This page is not created by, affiliated with, or supported by Slack Technologies, Inc.
2023-12-25
Channels
Hey, Is there a way to query transactions? I want to retrieve all transactions between certain dates. Later on, I would like to query some entities related to these transactions. Thanks! 🙏
Hey @U041BLZNVFA 👋 is this related to XT1 or XT2?
In XT2, there's a table called :xt/txs
where you can get transaction info - try '(from :xt/txs [*])
. We're currently considering how best to link these transactions to the entities created within them.
In either XT1 or XT2, you can create a transaction function which can attach transaction metadata to your entities, or insert extra documents so that you can link the transaction to the created entities.
• https://v1-docs.xtdb.com/language-reference/1.24.3/datalog-transactions/#transaction-functions
• https://docs.xtdb.com/reference/main/xtql/txs.html#_call
XT1 doesn't have tables, but it does have the open-tx-log
API which you can use to scan for modified entities
Would it be feasible to have an extremely lightweight backend if only a single user would be allowed to run the in-memory version of XTDB v2 and only they would interact with it? I'm not talking about lambda functions but a backend that would basically run for each user (in theory) (for instance user fetches their account and then does a couple of joins on two tables and so on). What I'm thinking is that you mentioned the offloading of the working memory to object storage. What if it would be very aggressive and would only store the data items that were queried by the user? This would mean that XTDB v2 would be hostable in a very tiny "scope". Or maybe... agressive to not cache any objects at all and only query them on demand every time? What do you think about it? Maybe there is a good opinion about it? Would the increased incoming tx bandwidth offset the pros of this design? Would each XTDB instance need to have their own S3 bucket (or equivalent)?

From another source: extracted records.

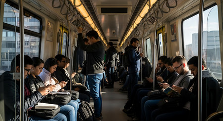 People using smartphones in Bucharest Metro.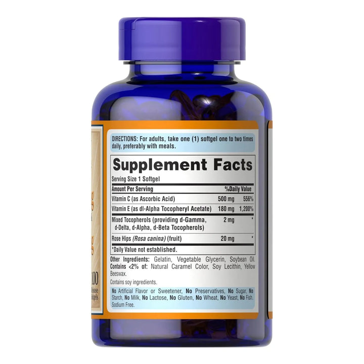 Imagina un suplemento que no solo fortalece tu sistema inmunológico, sino que también cuida tu piel y tu corazón. La Vitamina C 500 mg con Escaramujos y Vitamina E 400 de Puritan's Pride es ese compañero esencial que tu cuerpo necesita para mantenerse fuerte y saludable. Con ingredientes de alta calidad importados desde Estados Unidos, este producto está diseñado para quienes buscan un bienestar integral sin complicaciones.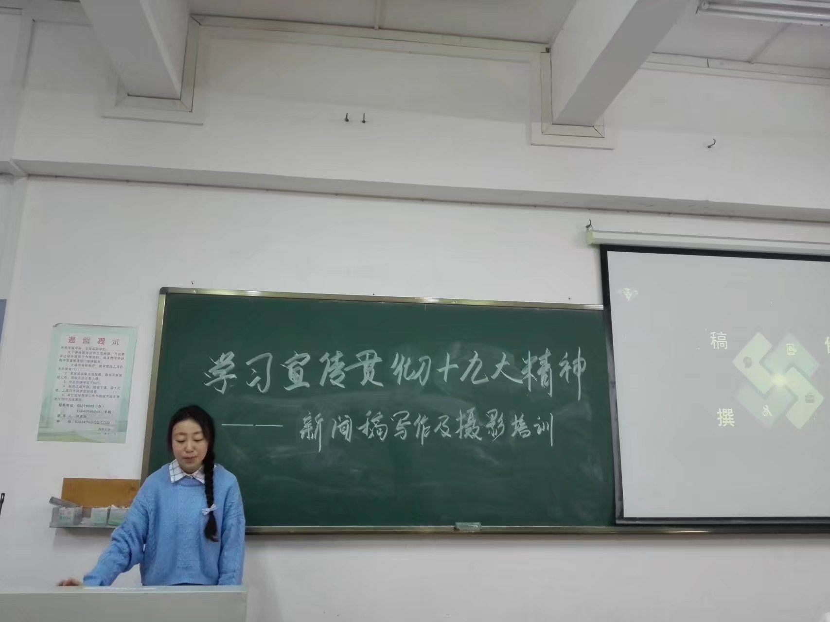 梁怡欣为现场同学讲解了摄影基础知识和基本技巧。培训现场,她对很多活动照片进行了点评,给了同学们一个直观清楚的认识。她还结合教室的环境,指出活动照片拍摄的要点。同学们对她精彩的讲解报以热烈的掌声,也在提问互动环节积极地与她进行交流。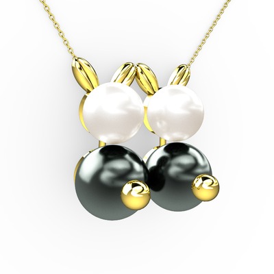Siyah inci ve inci 925 ayar altın kaplama gümüş kolye (40 cm altın rolo zincir)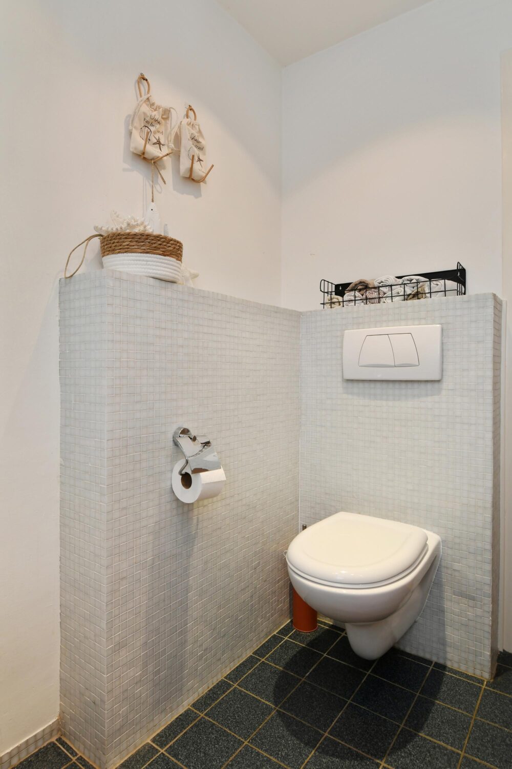Aan de voorzijde van de woning bevindt zich de aparte woonkeuken. De keuken is voorzien van diverse inbouwapparatuur en veel berg- en werkruimte. Aansluitend de bijkeuken met een ruimte voor witgoed, de badkamer (voorzien van douche, wastafel en toilet) en toegang tot de living, achtertuin en slaap-werkkamer.

Ah, sorry @U028ART884X: it's the non-working set that gets offloaded to object-storage - each node keeps its working set as local as possible so that it can respond to queries quickly. > This would mean that XTDB v2 would be hostable in a very tiny "scope". It would, yeah... This is something we could have optimised for, but I suspect this would mean quite a different database, in terms of the tradeoffs and constraints we were working with.

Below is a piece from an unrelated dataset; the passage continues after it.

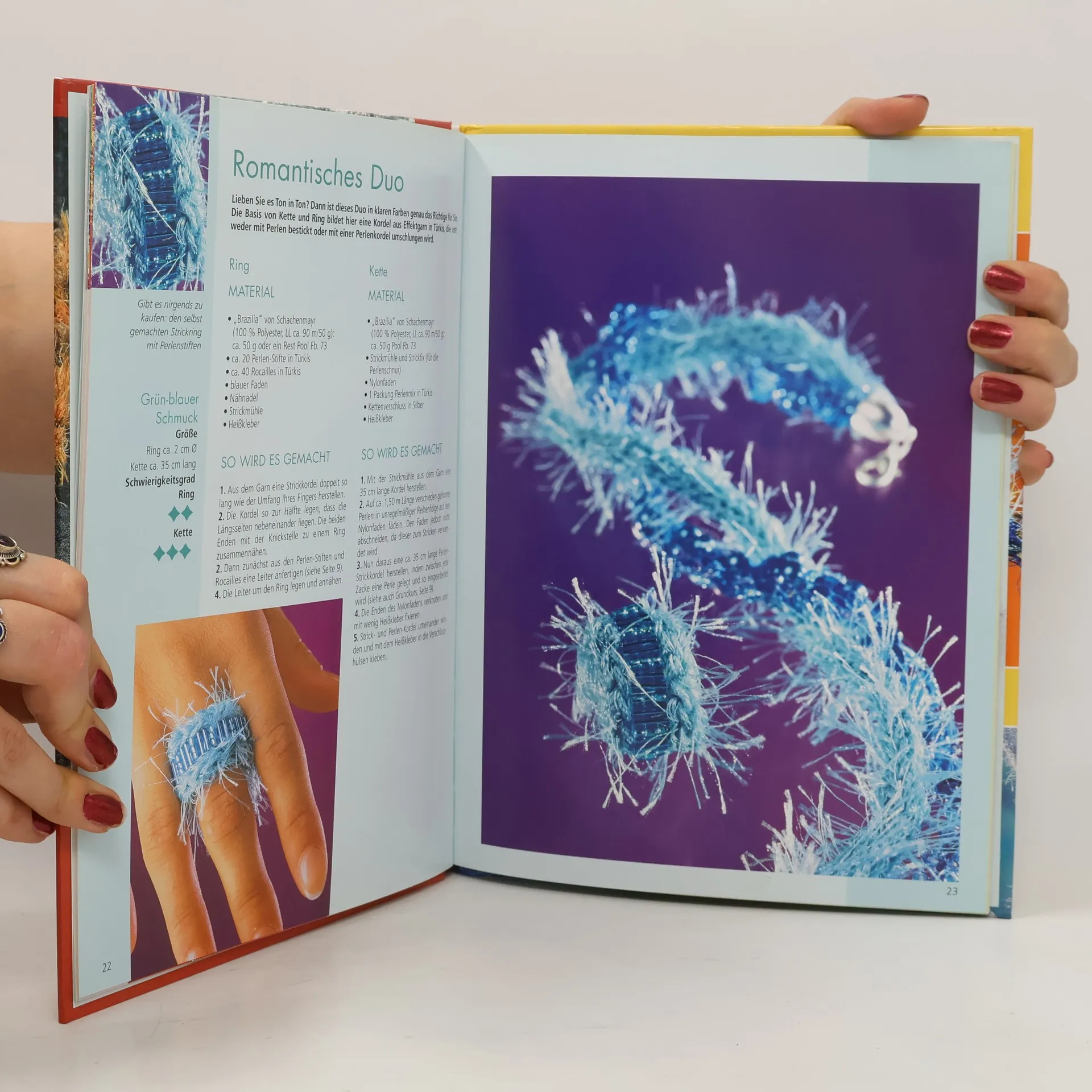 Der neue Trend: Schmuck stricken! Attraktive Kollektionen aus effektvollen Garnen mit Strickliesel, Strickmühle oder Stricknadeln schnell selber anfertigen. Dekorative Designs und moderne Farben für jedes Outfit und jeden Anlass; Halsketten, Armbänder, Ringe und mehr. Extra: Schmuck stricken im Foto-Grundkurs Schritt für Schritt erklärt.

(openly, now wondering exactly what it'd take for us to do something like this! :thinking_face:)
There's certainly a few decisions we've taken so far which work against us, here - things like the page/file sizes, the on-disk format, the batchiness of the query engine - things which are (obv) more optimised for the deployment style we're recommending
If the goal here is multi-tenancy, it might be preferable to run one large XT instance instead, if that XT instance could also provide safe, fine-grained authn/authz (as we're aiming to do - but obviously aware we don't have that atm)
I'm thinking whether it would be possible to run XTDB inside the backend nodes and have all of these nodes very small and very disposable. i.e. the object storage and DB's snapshots would live separately in some kind of durable service (S3 or other), the MQ would keep the WAL (let's say it's Kafka) and then the Backend part would contain XTDB-inmem and backend logic in one node. If I'd want to implement this via my own event loop then I'd need to shard my data. But maybe this object offloading could allow for me to not need to think about sharding my data and instead it would "just work" by allowing the business logic to "use the data that it needs to use". I'd also want to keep the tx listener in that Backend node so that I'd be able to react to changes in WAL. This would of course mean that the MQ would have to send everything to every node. Buf first let's see if this is even possible.
I think that what I tried to describe is just a Single-leader replication with more steps and storage lock-in. The ultimate thin backend node is a stateless one. Because if S3 would be shared then only a single writer should be able to write into it and other nodes would listen to that leader to read the indexes that are produced on S3. And all of this still means that the ingestion speed won't be faster than just piping through a MQ. The only difference is that something like PostgreSQL doesn't provide the WAL listener channel to the backend node.